Marie-Ange venait régulièrement me voir pour me conseiller, me corriger. Si ça se trouve, elle était heureuse d’échapper quelques instants à ces grand-mères. C’est vrai qu’elles auraient toutes pu être la sienne, voire même son arrière-grand-mère pour certaines. Au lieu de ça, elle passait quelques instants avec un homme – le seul de l’assistance – qui avait presque son âge. À chaque fois, j’avais droit à un merveilleux sourire qui me faisait fondre et systématiquement perdre une maille.

- Eh bien Gilbert, on dirait que je vous trouble ?

- Euh...

Que dire ? Si je confirmais, elle allait penser que j’étais venu là pour la draguer et si j’infirmais, j’allais passer pour un goujat. Quel dilemme ! D’autant plus qu’elle me plaisait beaucoup, cette jeune femme.

- C’est difficile de me concentrer avec une jolie demoiselle telle que vous à proximité, j’ai murmuré.

Voilà, ça c’est pas mal, pas trop macho, mais pas indifférent.

Et là, croyez-moi ou pas, je vous jure que c’est la vérité : en m’entendant faire ce gentil compliment à Marie-Ange, Germaine est devenue folle. Elle s’est levée, le visage tout rouge, puis s’est approchée de la jeune femme en fulminant avant de lui planter une de ses aiguilles à tricoter numéro 4 dans la gorge, sans que sa main ne tremble la moindre seconde.

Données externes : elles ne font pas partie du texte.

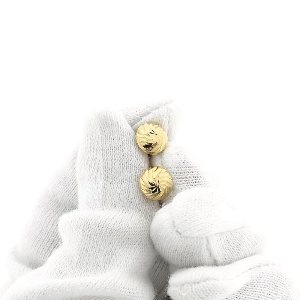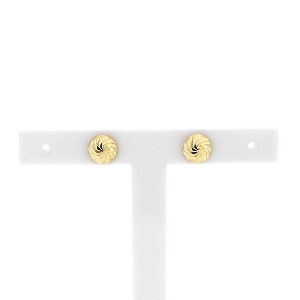 Set of gold stud earrings with a faceted finish. A lovely set of stud earrings crafted from 14-karat yellow gold (585/1000).
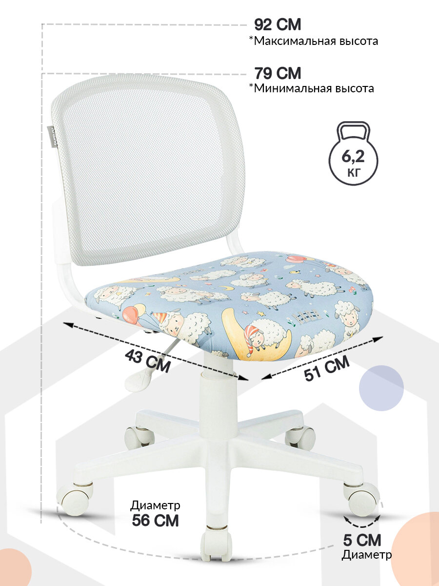 Кресло детское CH-W296NX светло-серый, овечки сетка/ткань крестов. пластик белый / Офисное кресло для оператора, школьника, ребенка, для дома

- Ah non, pour une fois qu’il y a un homme, elle ne va pas le prendre pour elle ! a-t-elle crié avant de retourner s’effondrer sur son siège en pleurant.

La vache... Je suis resté bête devant ce geste tellement inattendu de la part de cette mamie aux cheveux d'une couleur improbable et au pull si moche. Qui aurait imaginé ça ?

- Faut la comprendre, ça fait vingt ans qu’elle est veuve ! Ça lui manque, un homme, m’a dit Félicie, sa voisine de l’autre côté, en lui tapotant l’épaule.

J’ai appris son nom plus tard, et aussi qu’elles étaient voisines, habitant toutes les deux le même immeuble.

Heureusement que j’avais quinze témoins, sinon, on aurait pu m’accuser du meurtre. Germaine continuait à gémir sans discontinuer et s'est laissé emmener par les forces de l’ordre sans un mot. Elle m’a juste regardée avec un regard de braise... Quelle horreur ! Je n'aurais jamais imaginé déchaîner une passion comme ça, un jour.

Les gendarmes ont été sympas, tout comme le reporter du journal local. Je ne suis pas apparu dans le PV de gendarmerie que comme témoin avec l’initiale de mon prénom (G.) et le journaliste n’a pas évoqué clairement la cause de cet incident. Sinon, ça m’aurait fait une nouvelle casserole à trimbaler.

Le problème, c’est que je sais bien que c’est à cause de moi qu’elle est morte, Marie-Ange... Alors qu’on aurait peut-être pu vivre une belle histoire tous les deux. L’amour n’était pas passé loin de moi.